• Date and time: Monday 24 November 2014, 5.00pm to 6.30pm
  • Location: The Treehouse, Berrick Saul building
  • Admission: is by free ticket only. Please book below.

Event details

Sociology, Centre for Women's Studies & Asia Research Group

Go (Weiqi in Chinese) is one of the most popular games in East Asia, with a steadily increasing fan base around the world. Like chess, Go is a logic game but it is much older, with written records mentioning the game that date back to the 4th century BC. As Chinese politics have changed over the last two millennia, so too has the imagery of the game. In Imperial times it was seen as a tool to seek religious enlightenment and was one of the four noble arts that were a requisite to becoming a cultured gentleman. During the Cultural Revolution it was a stigmatized emblem of the lasting effects of feudalism. Today, it marks the reemergence of cultured gentlemen as an idealized model of manhood. Weiqi thereby provides us with a better understanding of Chinese masculinity, nationalism, and class, as the PRC reconfigures its history and traditions to meet the future.

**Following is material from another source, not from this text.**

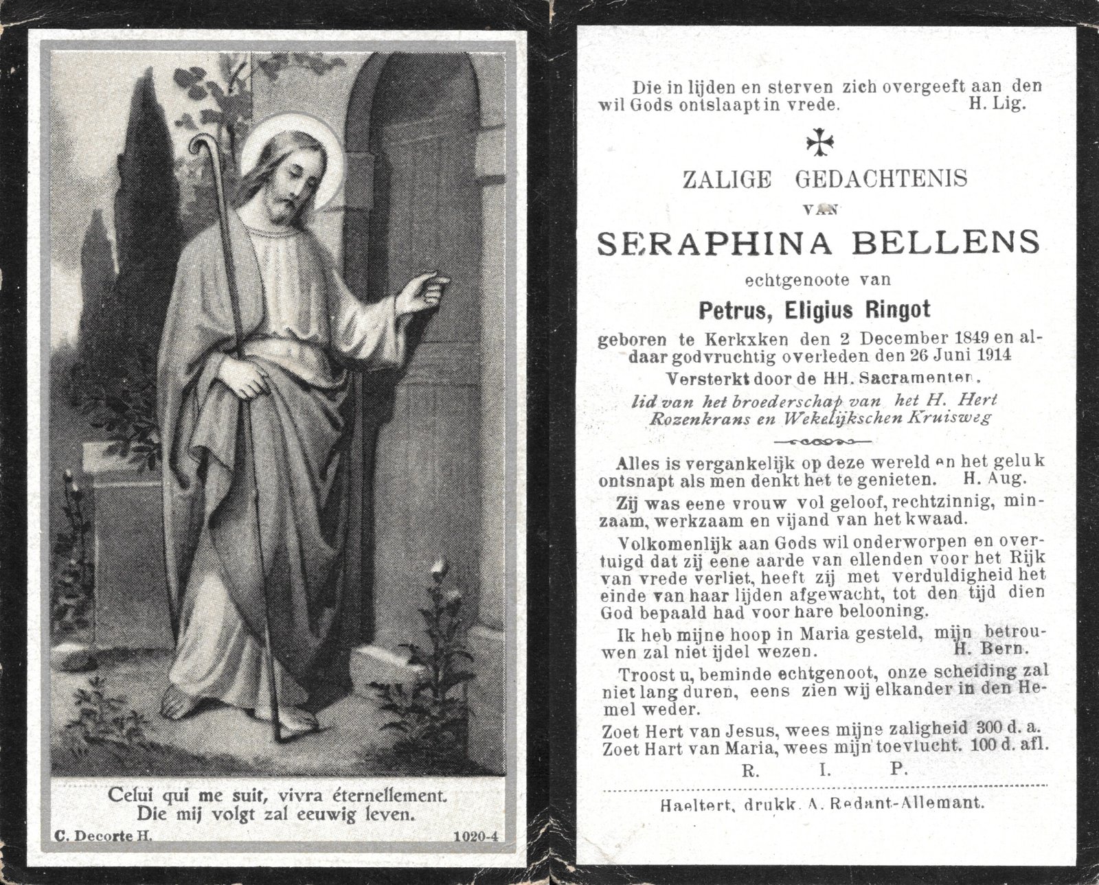 | Bellens Seraphina | Ringot PetrusEligius | Kerksken | 02/12/1849 | Kerksken | 26/06/1914 |

Anthropologist Marc L. Moskowitz explores the gendered meanings of the game in contemporary China. This includes fieldwork at children’s schools, university teams, and with retirement aged players at a park in Beijing. 

Biography: Marc L. Moskowitz is Associate Professor of Anthropology at the University of South Carolina. He is the author of several books, including Cries of Joys, Songs of Sorrow: Chinese Pop Music and Its Cultural Connotations.